The Genesee Theatre
203 N. Genesee Street
Landmarked April 20, 2009
The vision of three Waukegan men, A.L. Brumund, H.C. Burnett and D.T. Webb, the Genesee Theatre was an impressive venue for its times. Using land purchased from the YMCA for $130,000 and enlisting the help of Chicago architect Edward Steinberg and Waukegan contractor Alva Weeks, the Genesee Theatre was constructed for around $1 million. Not just a movie house capable of features, music and live entertainment, but also consisting of forty apartments and retail space; the Genesee Theatre facility served as a community center for the people and a justifiable beacon for the thriving city of Waukegan.
Truly incredible, the 1,799 seat Genesee was adorned with 1,200 yards of lush tapestries, seven tons of marble and a massive Barton Grande pipe organ. In addition, no expense was spared on the modern fireproof construction, and $100,000 heating and cooling system.

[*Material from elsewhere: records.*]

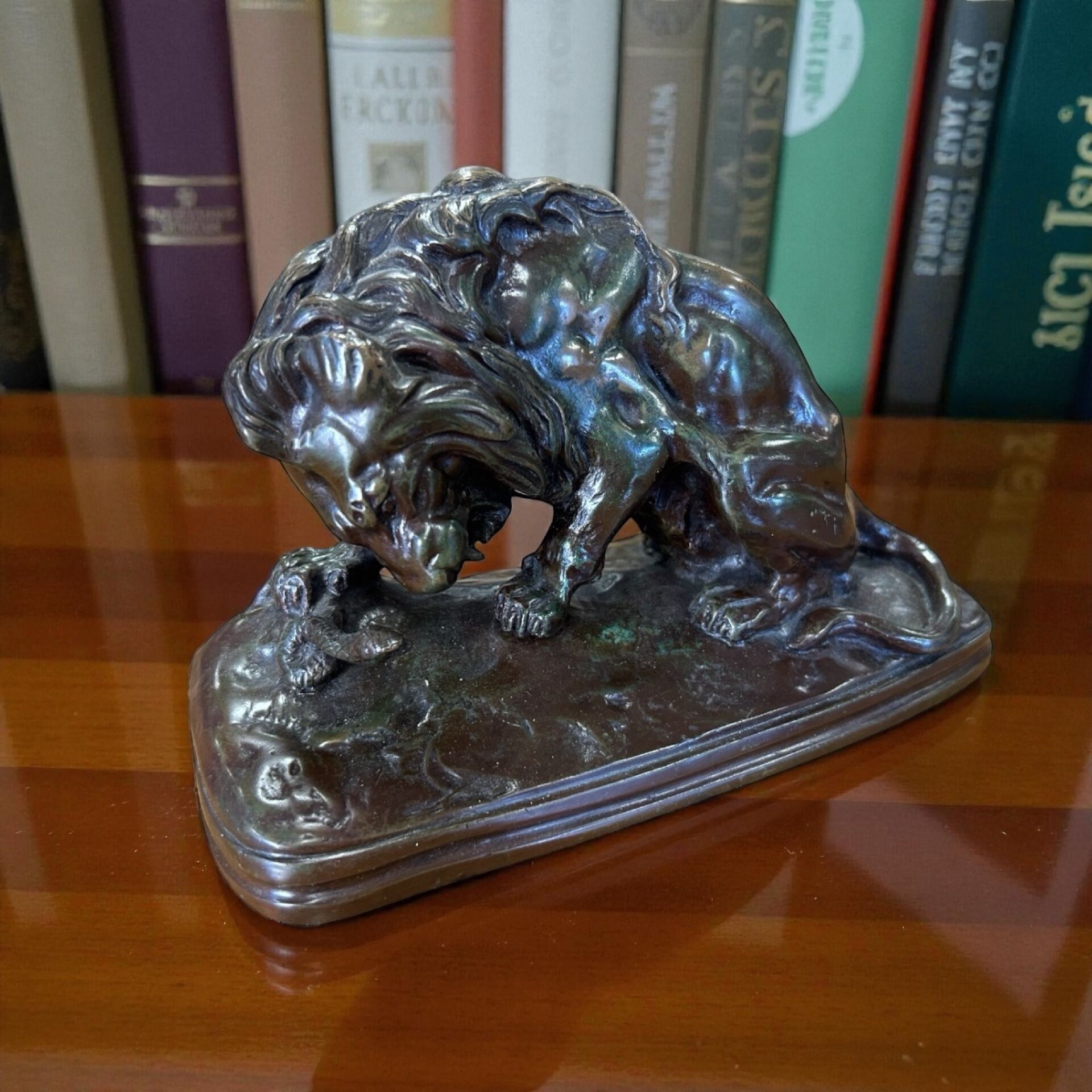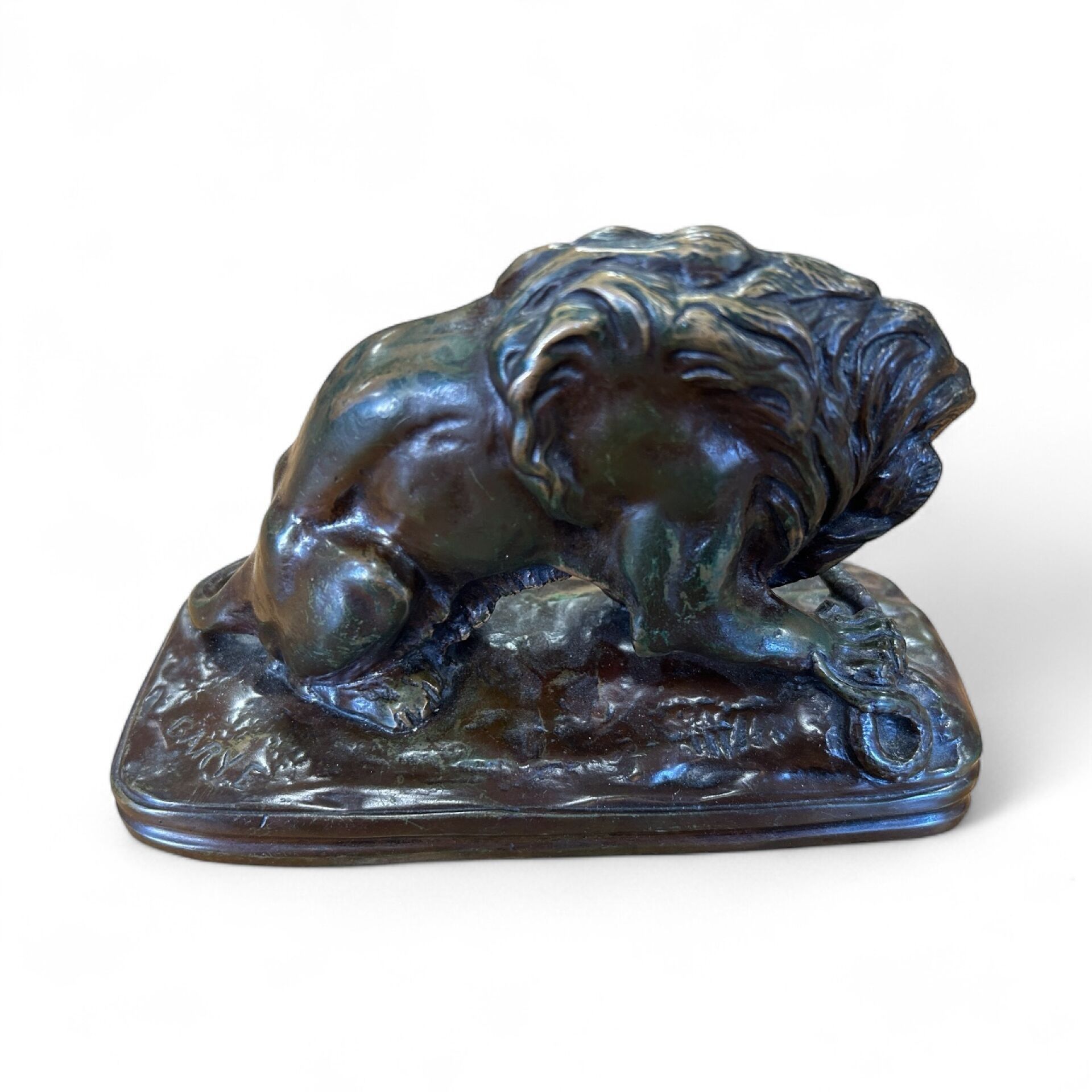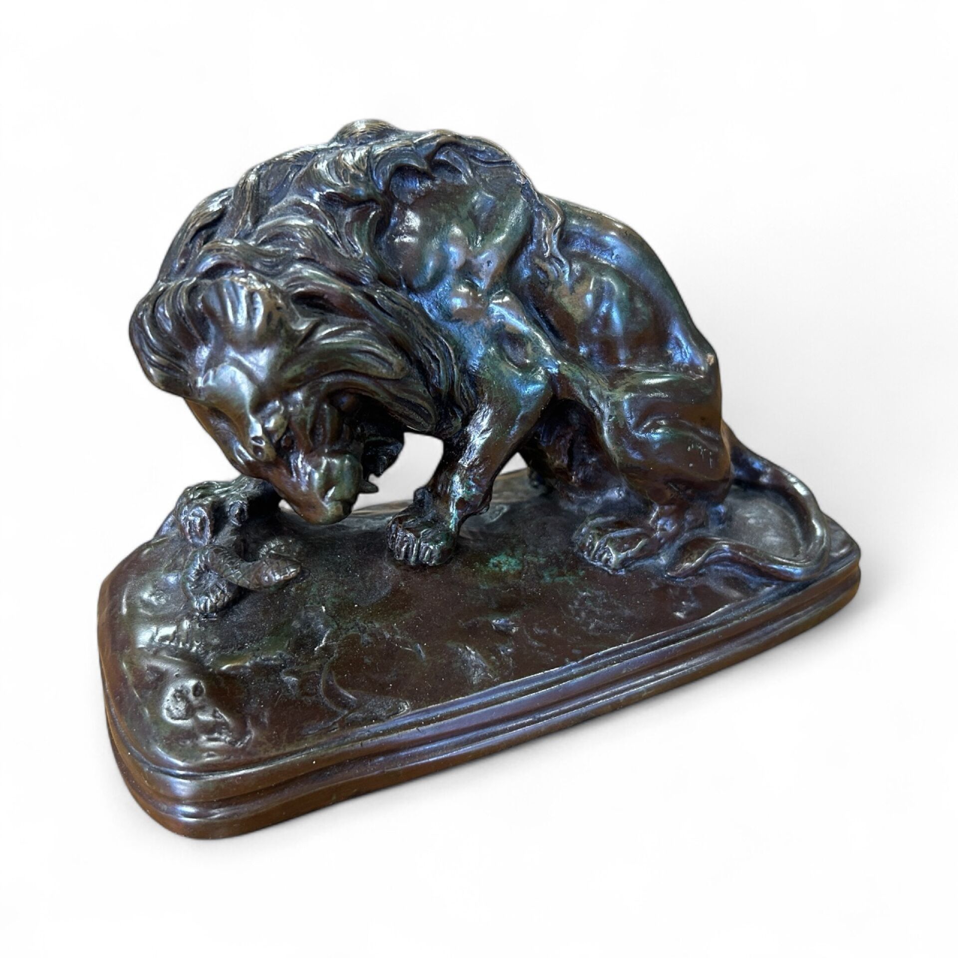 * Antoine Louis BARYE ( 1795 - 1875 ), after. "Lion attacking a snake". Bronze sculpture with brown and greenish patina (patina wear in places). Signed on the terrace. H. 12,2 cm L. 20,5 cm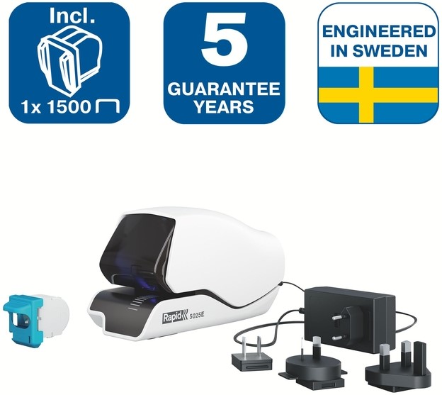Nietmachine Rapid Supreme contactloos elektrisch 5025e 25 vel wit
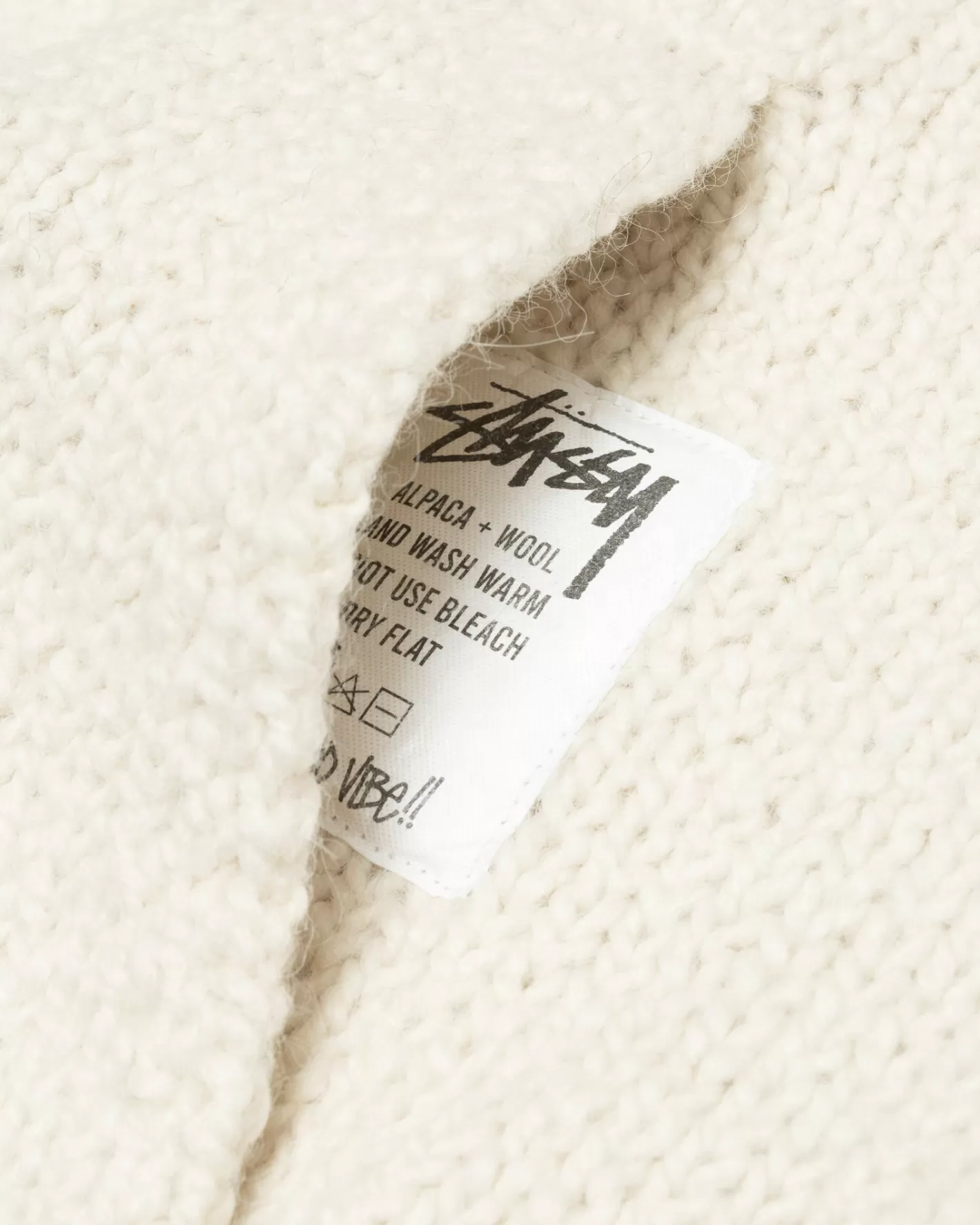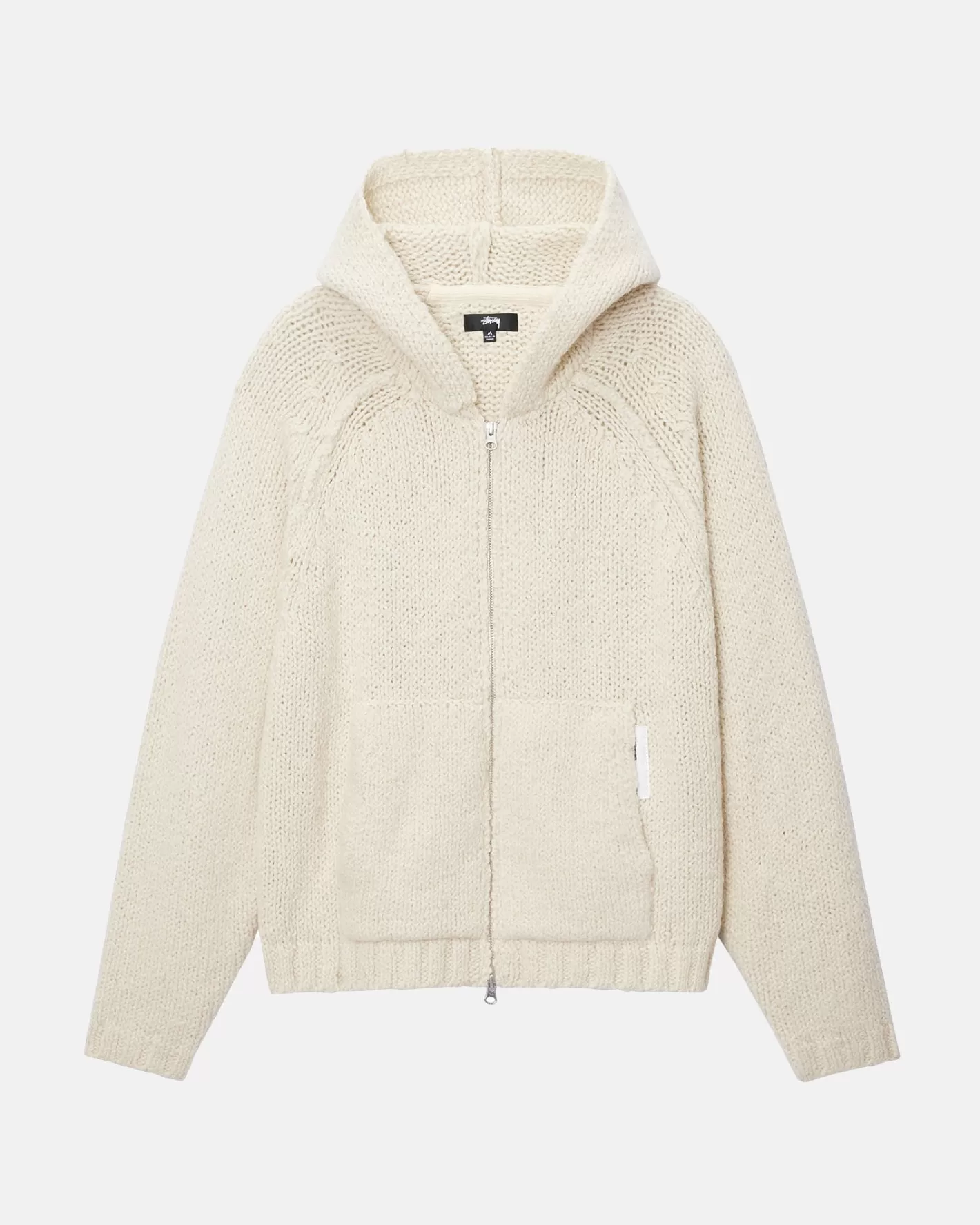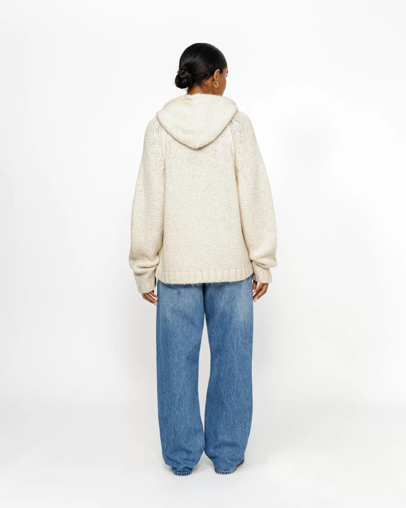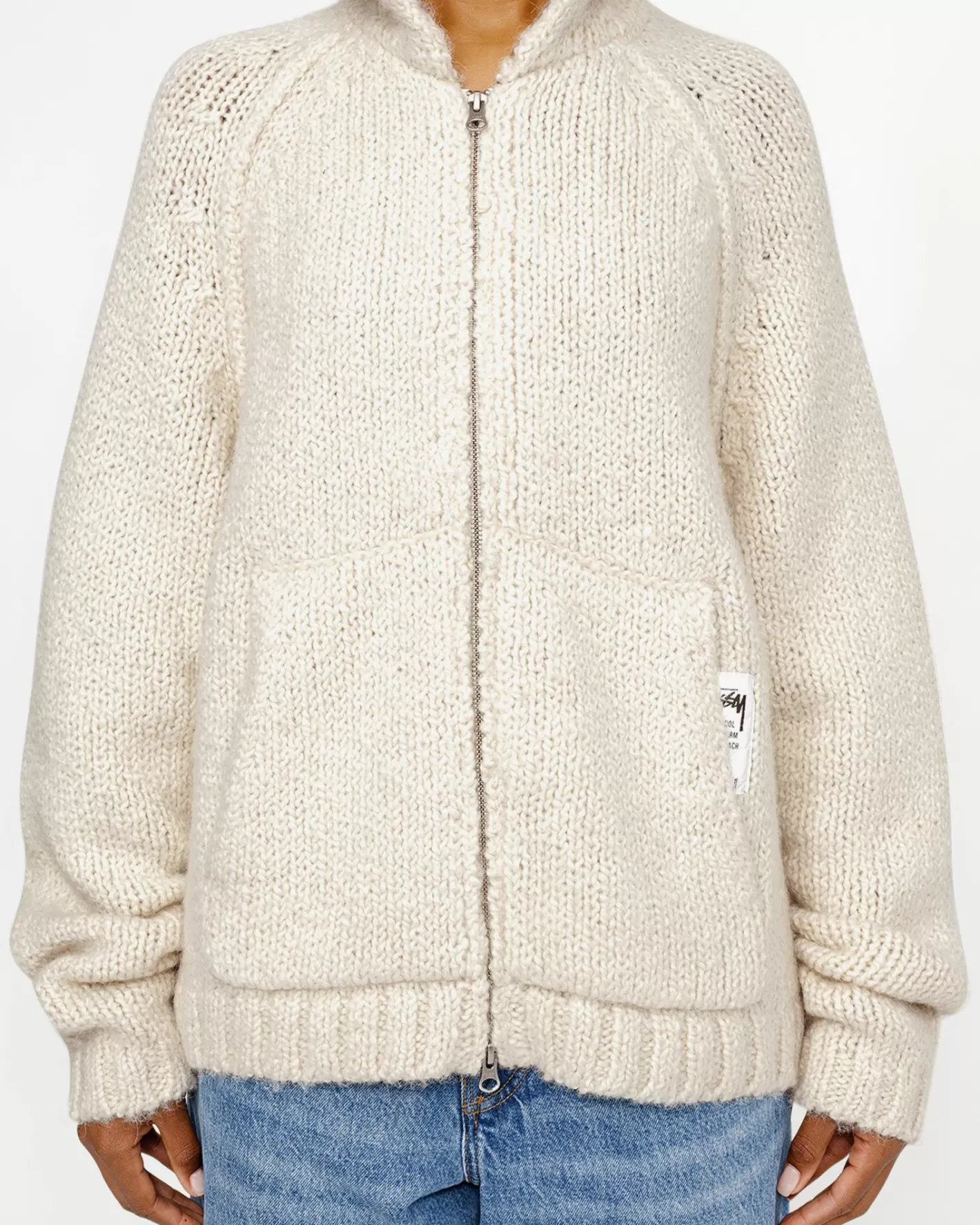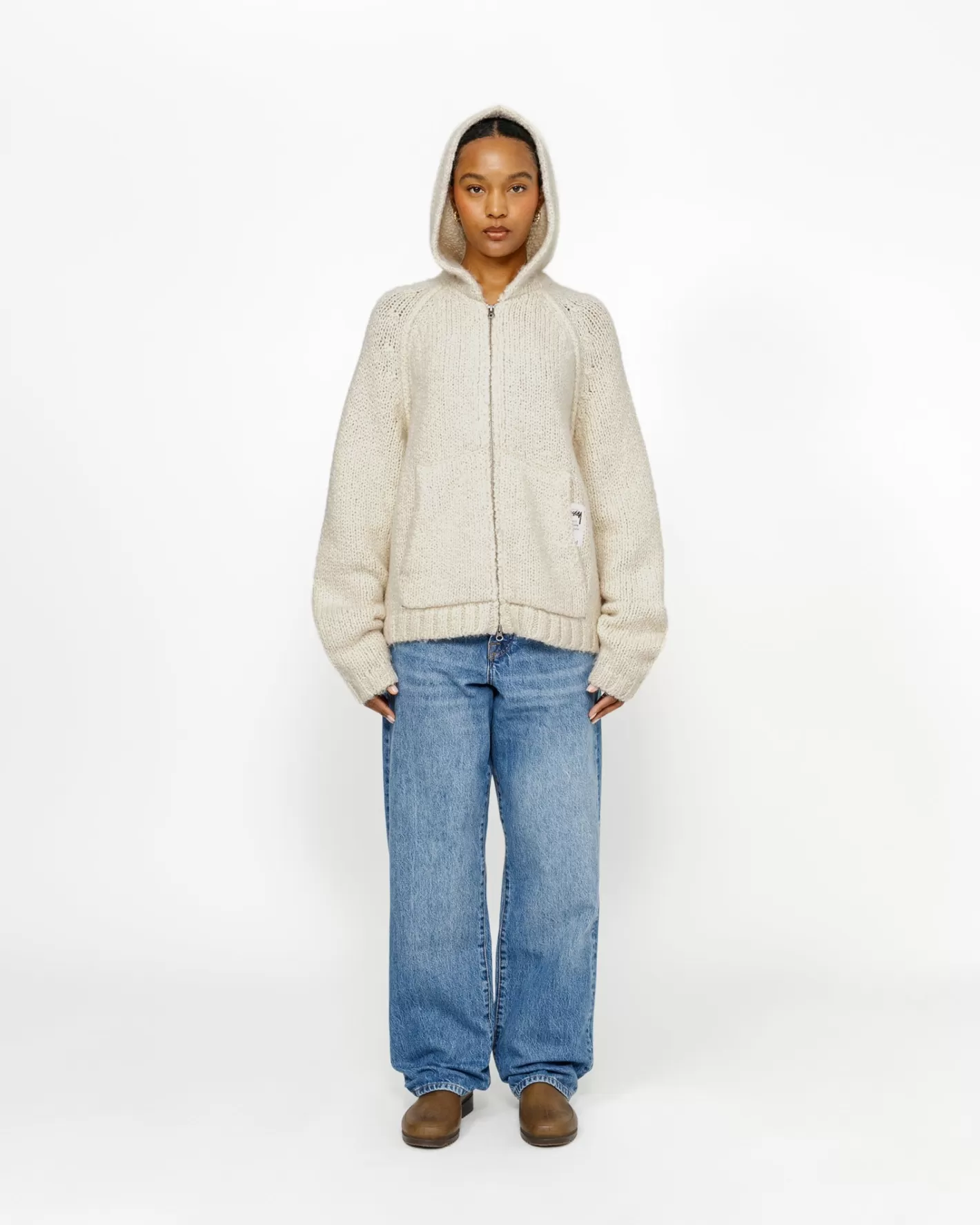 Relaxed hooded sweater with a two-way zip in a chunky alpaca wool knit. Stüssy label inside the left pocket.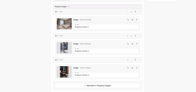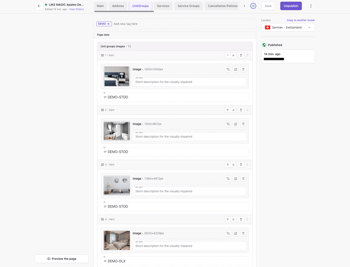 Zuerst kannst du die Unit Group Images hochladen. Klicke dazu auf "Add item in "Unit groups images"" um ein Bild im Format von ca. 900x1400 Pixel hochzuladen. Diese Bildgrösse empfehlen wir,da sie die optimale Qualität bietet und gleichzeitig sicherstellt, dass die IBE nicht durch zu grosse Dateien verlangsamt wird.

Originally scheduled to open Thanksgiving, the Genesee Theatre premiered to the public on December 25, 1927 to rave reviews.
The Genesee Theatre ran a regular schedule with new features every Sunday, Monday, and Thursday, only slowing operation once due to a coal shortage in 1946. The theatre boasted the first talking picture in Waukegan with the "Lion and the Mouse" in October 1928, in addition to facilitating two world premieres: Jack Benny's 1939 "Man About Town" and "The Navy Way" in 1944. The Genesee also provided numerous other activities for the community including cooking schools, fashion shows and weddings. October 1982 saw the last first-run picture at the Theatre, and the Genesee finally closed its doors for good in 1989.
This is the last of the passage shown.